-- EXERCISE INPUT follows --
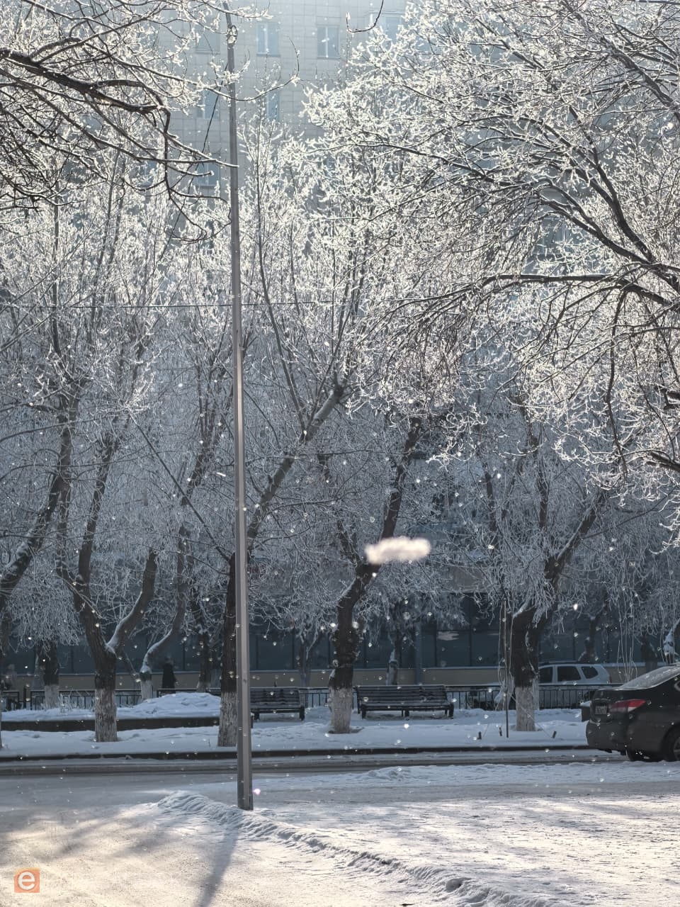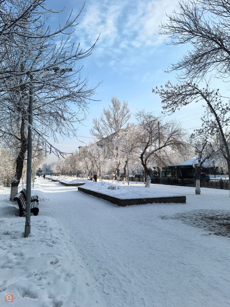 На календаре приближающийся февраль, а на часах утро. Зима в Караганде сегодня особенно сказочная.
-- EXERCISE INPUT concluded --
-- EXERCISE INPUT follows --
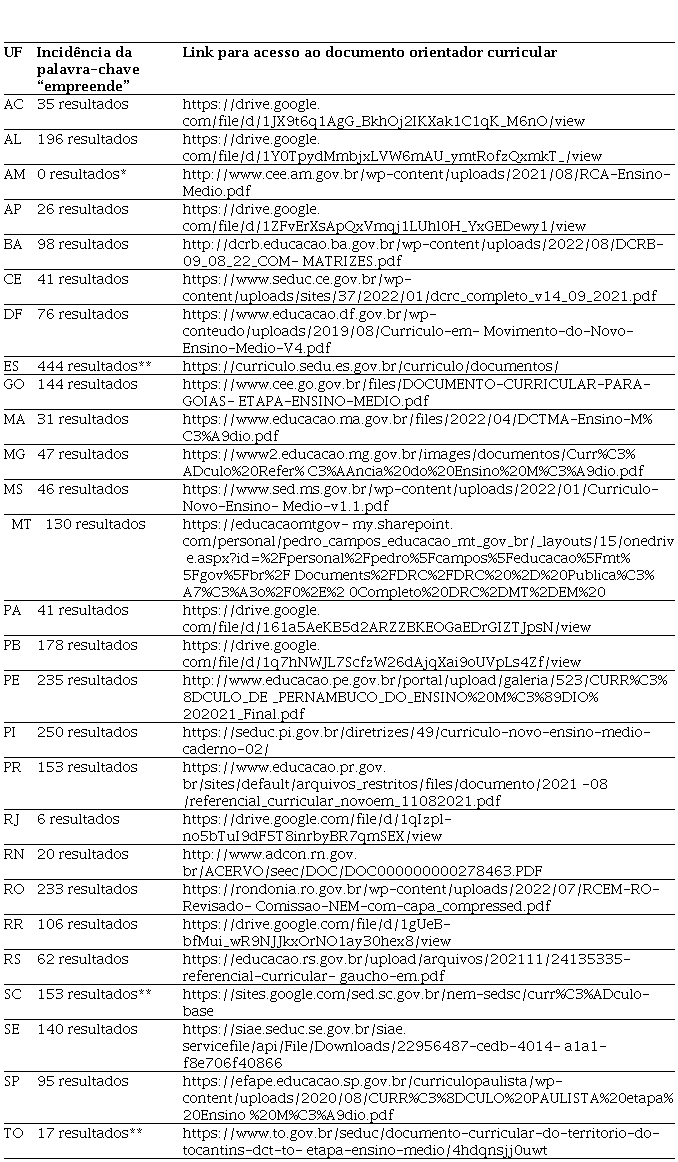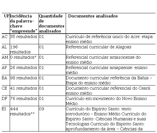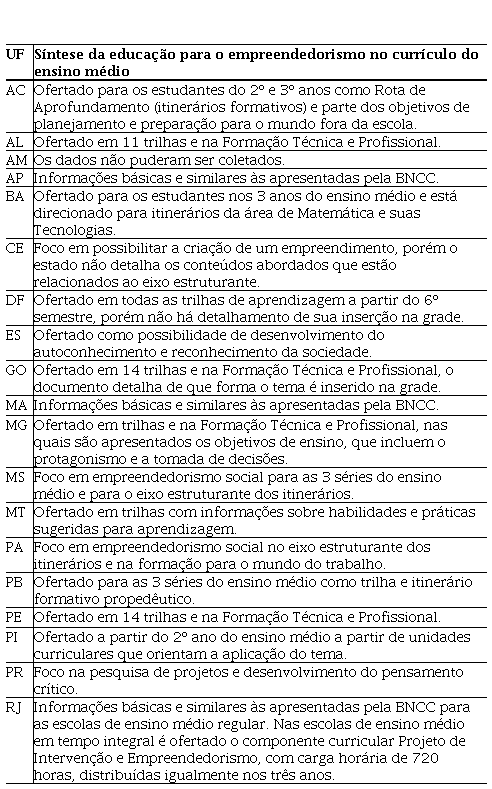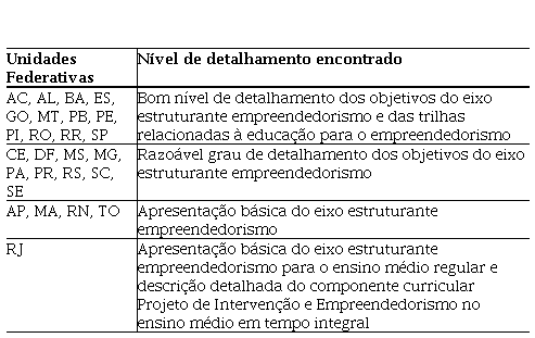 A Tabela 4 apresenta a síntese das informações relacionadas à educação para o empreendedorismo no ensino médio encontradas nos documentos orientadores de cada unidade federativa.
-- EXERCISE INPUT concluded --
-- EXERCISE INPUT follows --
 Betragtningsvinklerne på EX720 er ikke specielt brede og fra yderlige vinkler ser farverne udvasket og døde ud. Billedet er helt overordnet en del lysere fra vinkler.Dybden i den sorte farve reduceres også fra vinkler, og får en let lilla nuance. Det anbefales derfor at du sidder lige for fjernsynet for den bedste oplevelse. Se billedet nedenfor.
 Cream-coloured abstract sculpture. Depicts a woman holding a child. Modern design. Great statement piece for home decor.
-- EXERCISE INPUT concluded --
DIRECTIONS FOR THIS TASK |
Return the span of lines in the data above that opens at the line with "Betragtningsvinklerne på EX720" and closes at the line with "Cream-coloured abstract sculpture.", exactly, ends included, nothing else.

REPLY |
 Betragtningsvinklerne på EX720 er ikke specielt brede og fra yderlige vinkler ser farverne udvasket og døde ud. Billedet er helt overordnet en del lysere fra vinkler.Dybden i den sorte farve reduceres også fra vinkler, og får en let lilla nuance. Det anbefales derfor at du sidder lige for fjernsynet for den bedste oplevelse. Se billedet nedenfor.
 Cream-coloured abstract sculpture. Depicts a woman holding a child. Modern design. Great statement piece for home decor.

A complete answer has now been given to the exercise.